#### [Data listing]
__________________________________________________

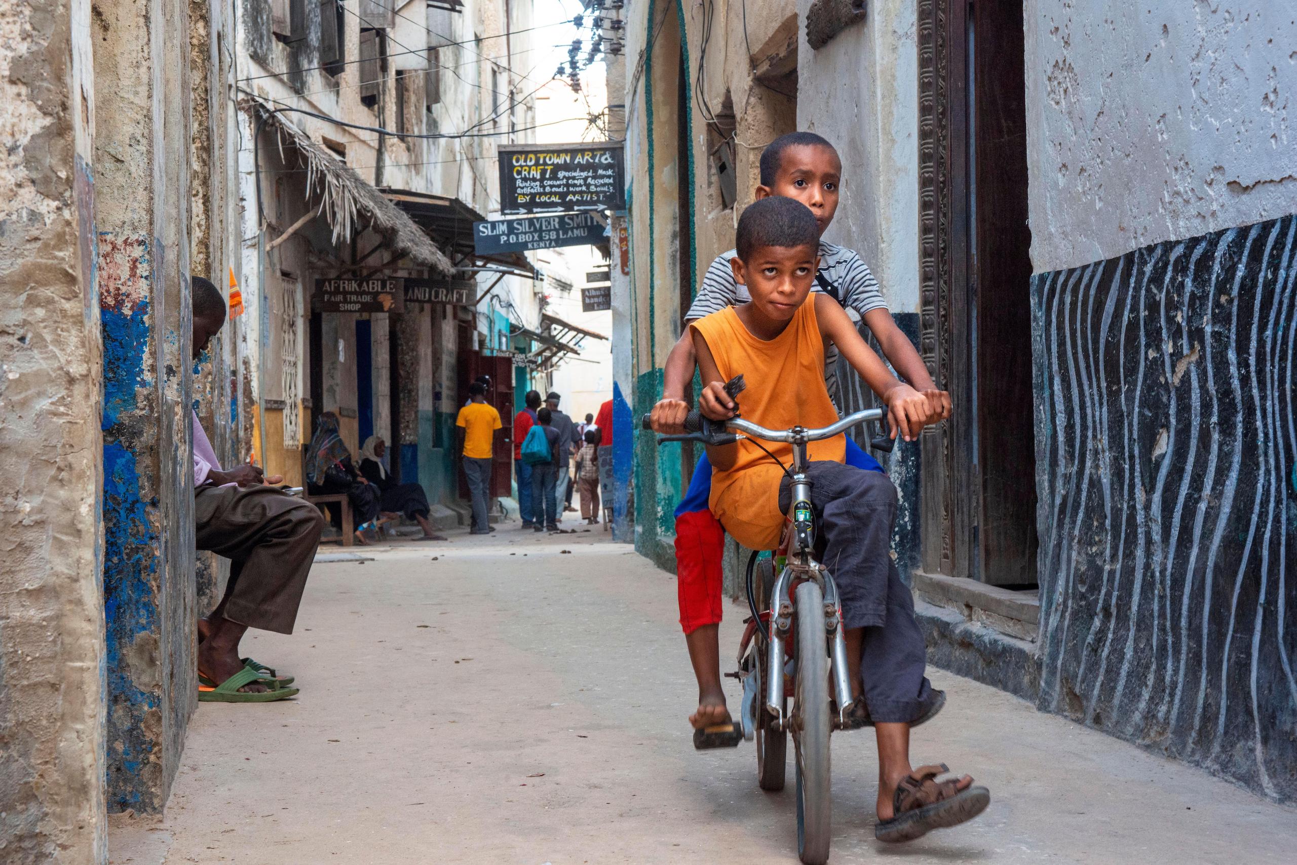 Boys riding on a bicycle in a narrow street of Lamu town in Lamu Island, Kenya.
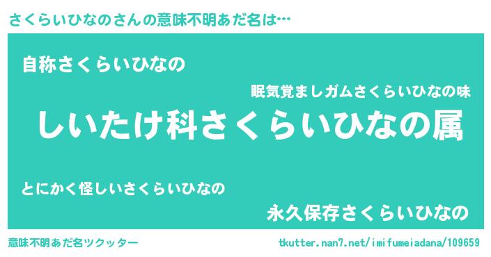 | 男性向けラノベタイトル風あだ名 | 『サクライヒナノスレイヤー』 |
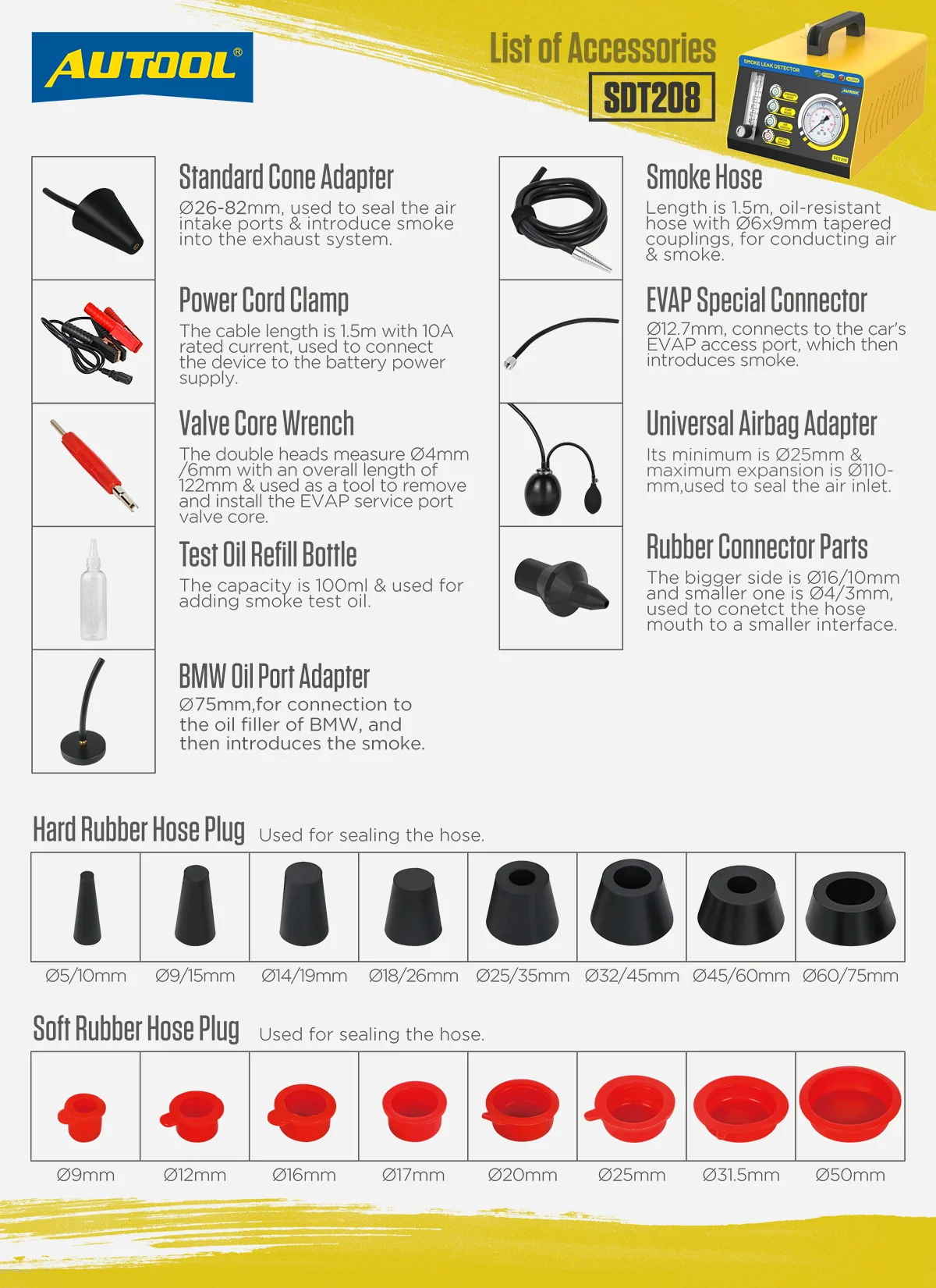 AUTOOL SDT208 smoke leak detectorfor all pipe systems except EVAP
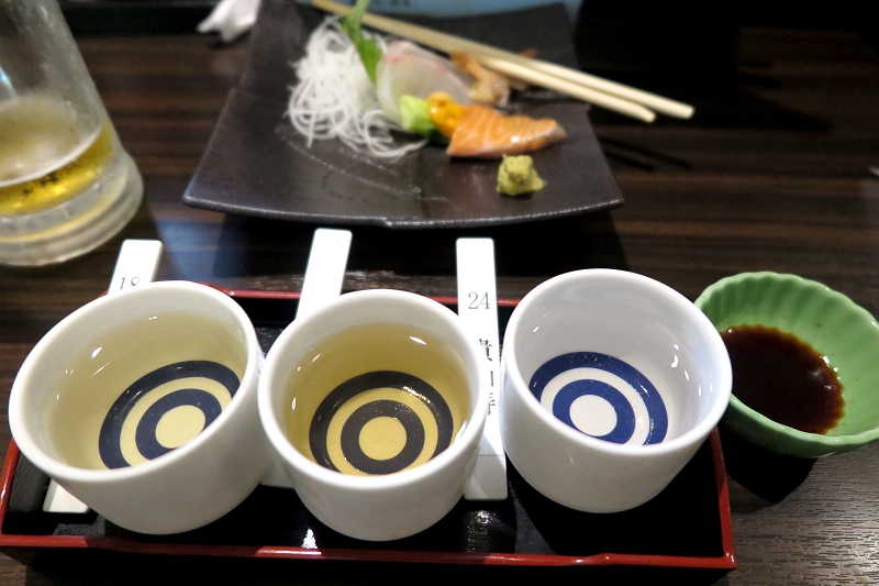 そしてお祭りの後はやっぱりこうなっちゃいました。 日本酒なんだけどけっこう黄色いお酒も・・・ 「菊姫山廃」「天狗舞山廃」「貴仙寿」でした
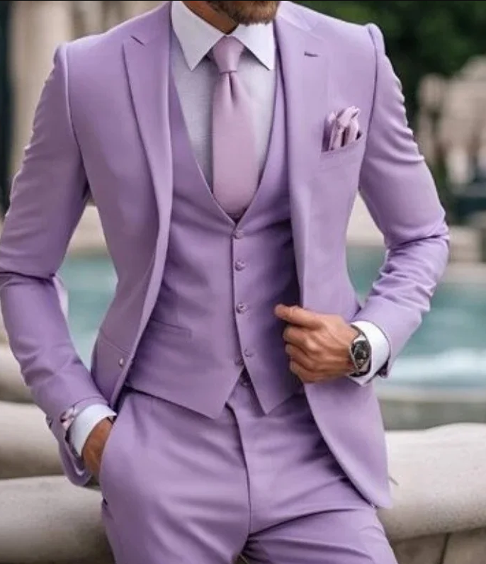 Suits for Men Lilac Stylish 3 Piece Classic Tuxedos Blazer Vest Pants Formal Elegant Male Wedding Groomsman Bespoke
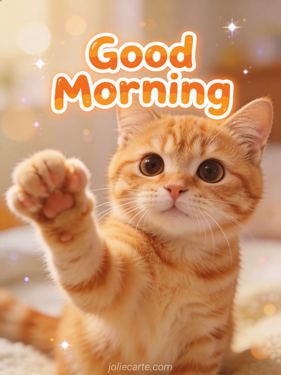 Send a cute good morning with an adorable cat waving to brighten someone's day. Discover also a funny good morning humor image, a touching morning message or a tender morning greeting.
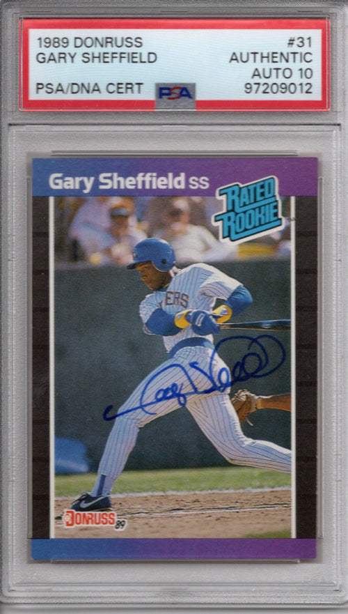 This 1989 Donruss Trading Card was personally hand signed by Gary Sheffield in blue marker. The Card is GRADED AUTHENTIC AUTO AUTH and encapsulated by PSA. Domestic ground shipping for this item is FREE to the contiguous 48 states. Please contact us for International and other shipping options.
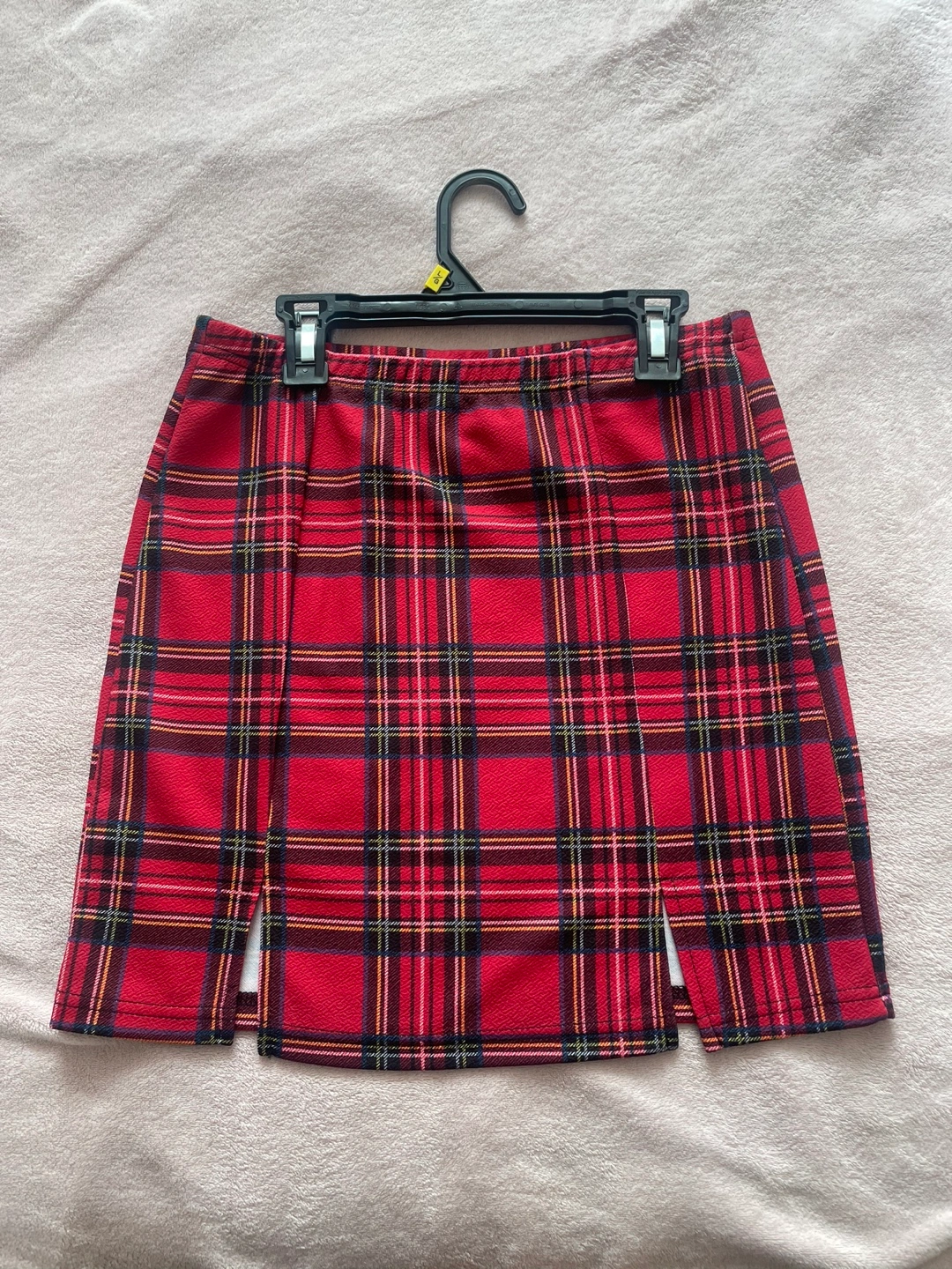 Red plaid mini skirt with a slit on the side. Size M.
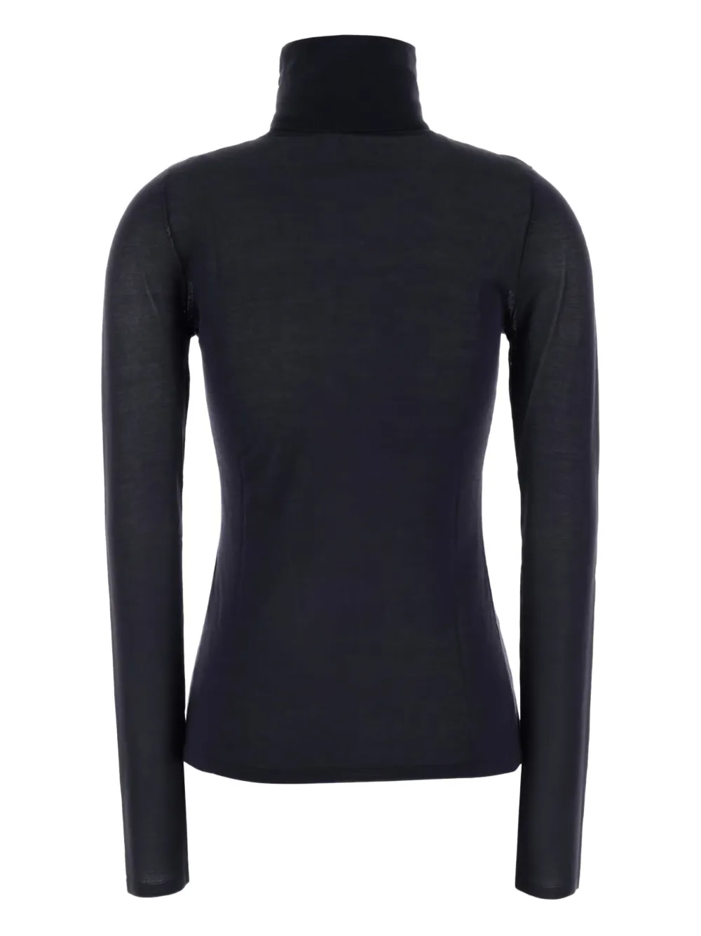 тёмно-синяя вязаная кофта с длинными рукавами, прорезями для больших пальцев и высоким воротом
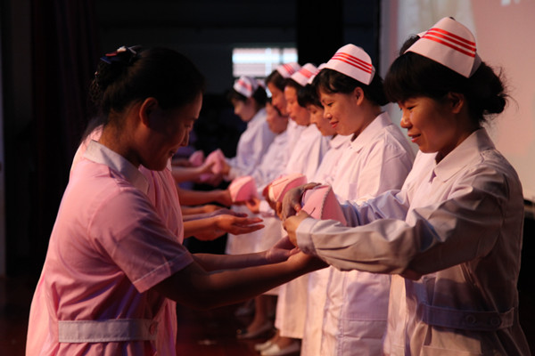 在慷慨激昂、鼓舞人心的“燕尾之旅、天使之梦”诗朗诵之后,还举行了护理之星的颁奖仪式。方森、刘亚萍等 6 名等学生获得护理之星的称号,手语舞蹈《最好的未来》舞姿轻盈动人。“护士之歌”大合唱后,授帽仪式正式开始。全体 2012 级护理专业的同学们依次上台,由老师们戴上充满护士职业气息的燕尾帽,这是一种净化心灵的职业洗礼,现场气氛圣洁而庄严。
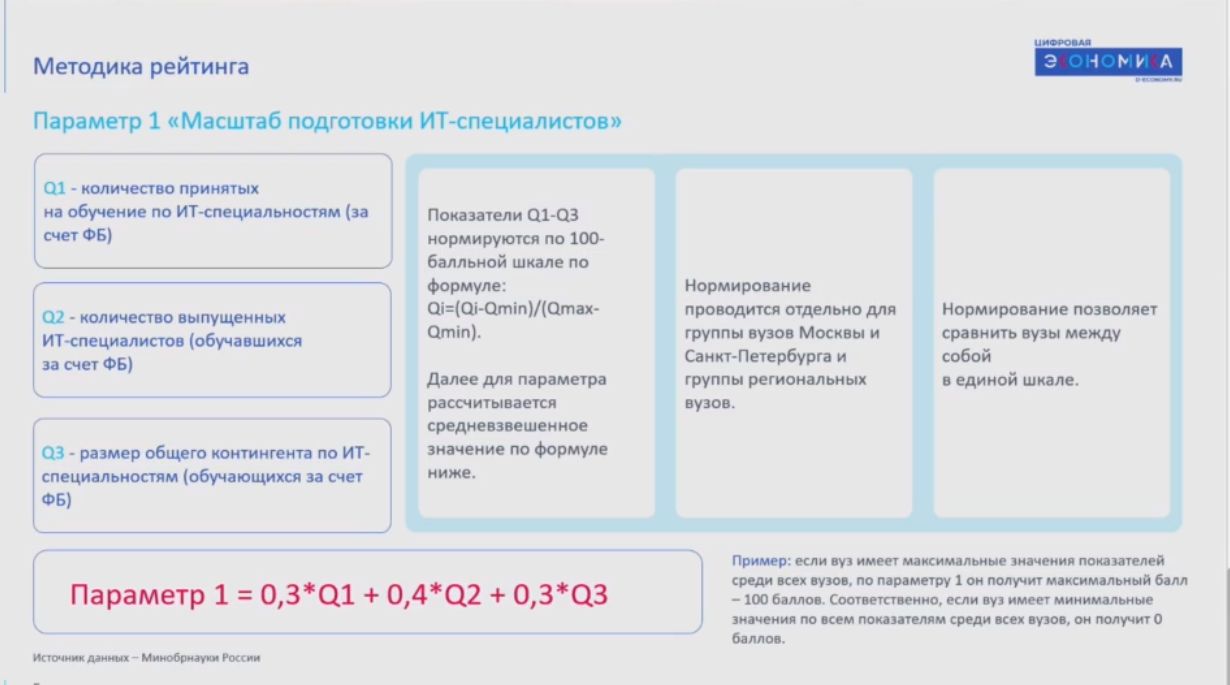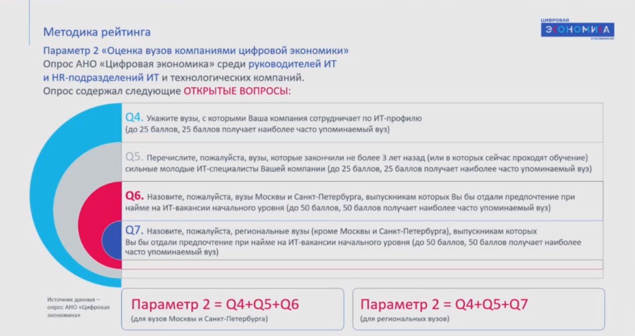 Параметры определения места в рейтинге – масштаб подготовки ИТ-специалистов и оценка вузов компаниями цифровой экономики, востребованность выпускников. Компаниям-работодателям были заданы три вопроса: с какими вузами они сотрудничают в части подготовки ИТ-кадров, какие вузы за последние три года оканчивали сильные молодые ИТ-специалисты, выпускникам каких вузов они отдают предпочтение при найме на ИТ-вакансии начального уровня.
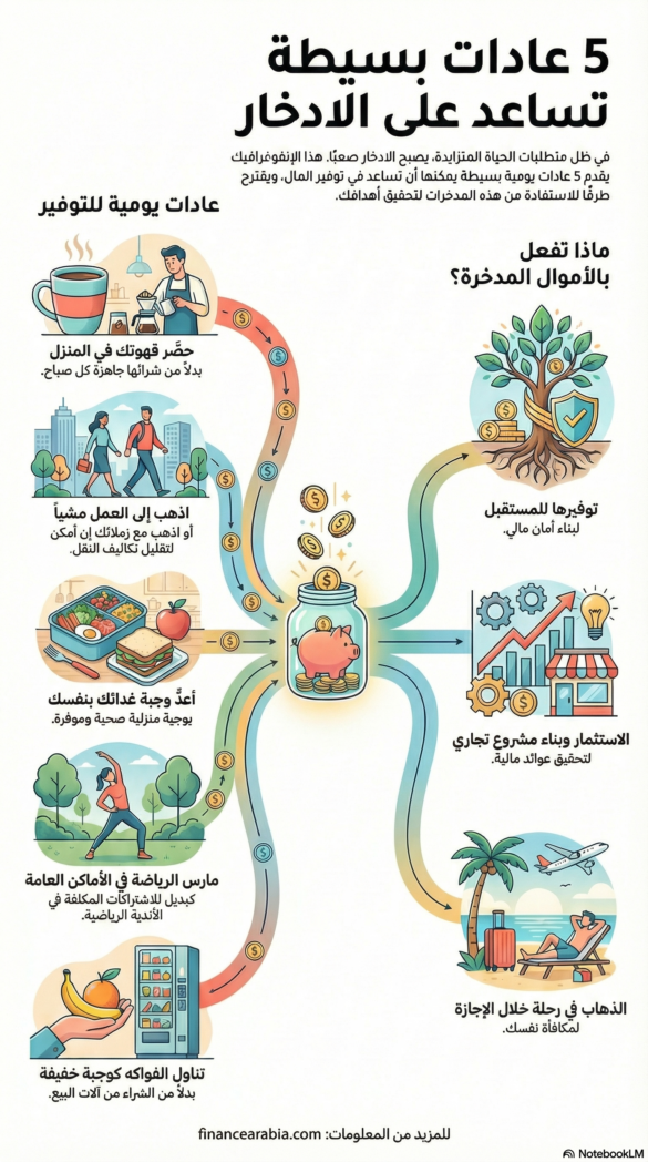 انفوجرافيكانفوجرافيك: 5 عادات بسيطة تساعد على الادخار كتبه FinanceArabia 20 دجنبر 2025 كتبه FinanceArabia 20 دجنبر 2025

__________________________________________________

#### [Task description]
Print exactly the lines above that run from the one with "男性向けラノベタイトル風あだ名 | 『サクライヒナノスレイヤー』 |" down to the one with "Suits for Men", and omit the pictures.

#### [Your response]
 | 男性向けラノベタイトル風あだ名 | 『サクライヒナノスレイヤー』 |
 AUTOOL SDT208 smoke leak detectorfor all pipe systems except EVAP
 そしてお祭りの後はやっぱりこうなっちゃいました。 日本酒なんだけどけっこう黄色いお酒も・・・ 「菊姫山廃」「天狗舞山廃」「貴仙寿」でした
 Suits for Men Lilac Stylish 3 Piece Classic Tuxedos Blazer Vest Pants Formal Elegant Male Wedding Groomsman Bespoke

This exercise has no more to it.